* [Stored data]:
-- Opening Marker --

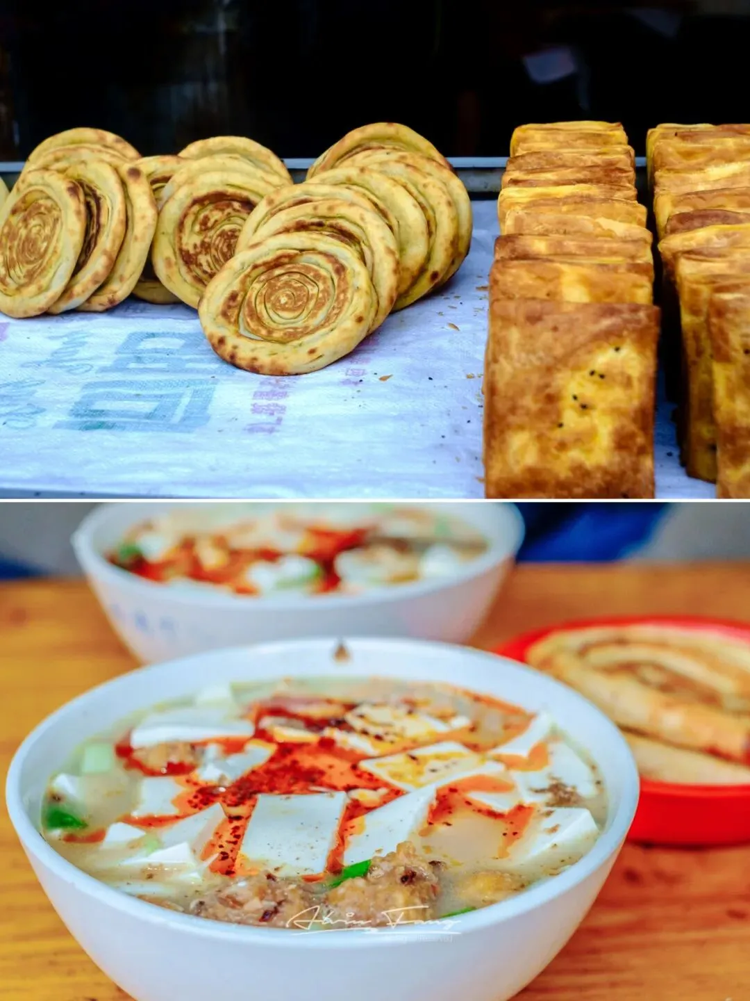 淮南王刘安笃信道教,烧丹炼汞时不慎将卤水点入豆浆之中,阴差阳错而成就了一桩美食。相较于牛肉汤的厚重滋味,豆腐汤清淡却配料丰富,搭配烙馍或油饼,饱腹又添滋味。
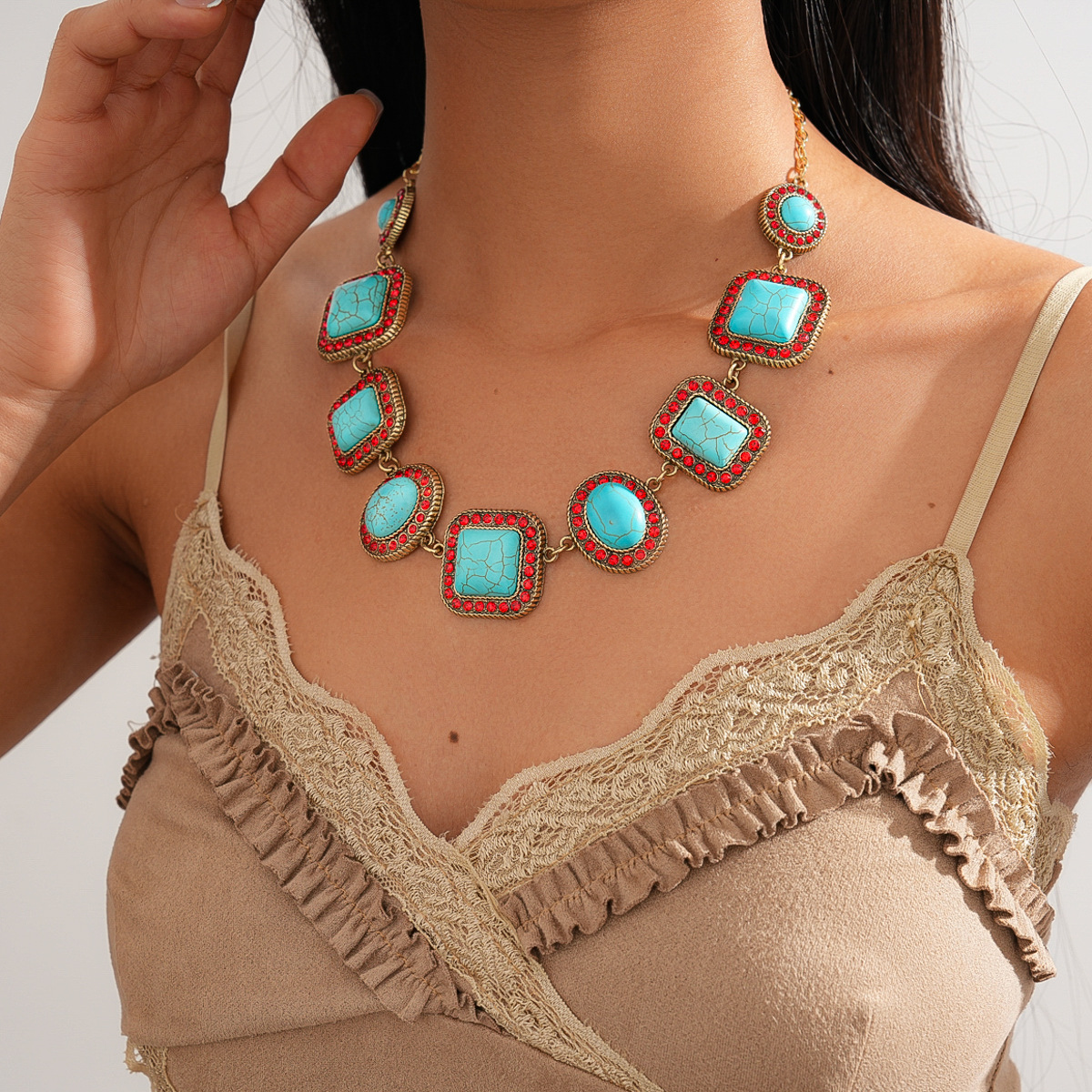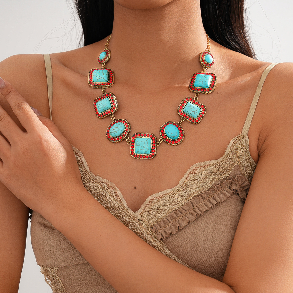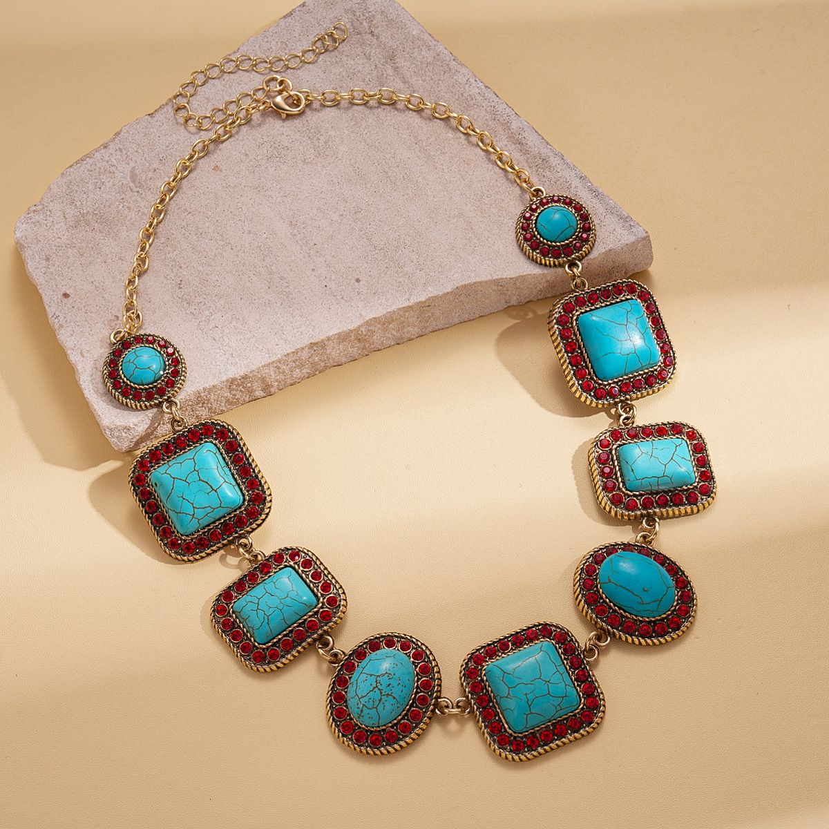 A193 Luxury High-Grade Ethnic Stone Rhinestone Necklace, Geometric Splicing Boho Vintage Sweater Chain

-- Closing Marker --
-- Opening Marker --

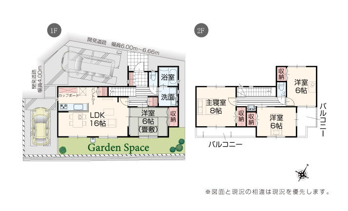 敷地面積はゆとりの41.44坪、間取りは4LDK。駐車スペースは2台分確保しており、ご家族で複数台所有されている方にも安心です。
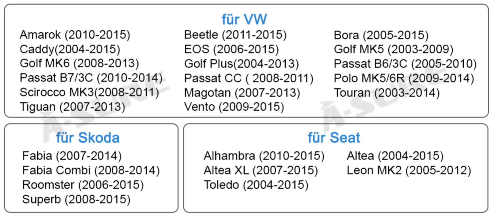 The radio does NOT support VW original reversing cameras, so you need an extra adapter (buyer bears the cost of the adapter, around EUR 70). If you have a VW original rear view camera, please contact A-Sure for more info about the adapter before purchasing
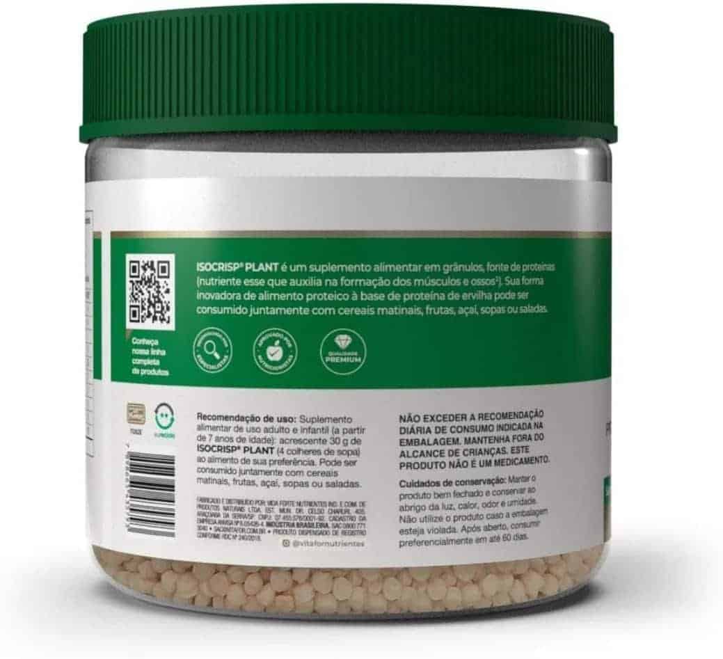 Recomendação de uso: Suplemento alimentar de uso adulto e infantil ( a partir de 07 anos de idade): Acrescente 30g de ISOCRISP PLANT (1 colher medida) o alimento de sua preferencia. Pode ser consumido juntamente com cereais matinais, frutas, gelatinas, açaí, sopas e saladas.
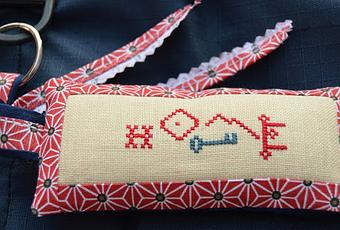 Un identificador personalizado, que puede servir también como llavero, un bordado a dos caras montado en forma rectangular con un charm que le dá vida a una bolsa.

-- Closing Marker --

* [What to work on]:
When you reach the line that has "Recomendação de uso: Suplemento" in the data above, start repeating lines exactly, and stop after the line that has "Un identificador personalizado, que"; pictures stay out.

* [Solution]:
 Recomendação de uso: Suplemento alimentar de uso adulto e infantil ( a partir de 07 anos de idade): Acrescente 30g de ISOCRISP PLANT (1 colher medida) o alimento de sua preferencia. Pode ser consumido juntamente com cereais matinais, frutas, gelatinas, açaí, sopas e saladas.
 Un identificador personalizado, que puede servir también como llavero, un bordado a dos caras montado en forma rectangular con un charm que le dá vida a una bolsa.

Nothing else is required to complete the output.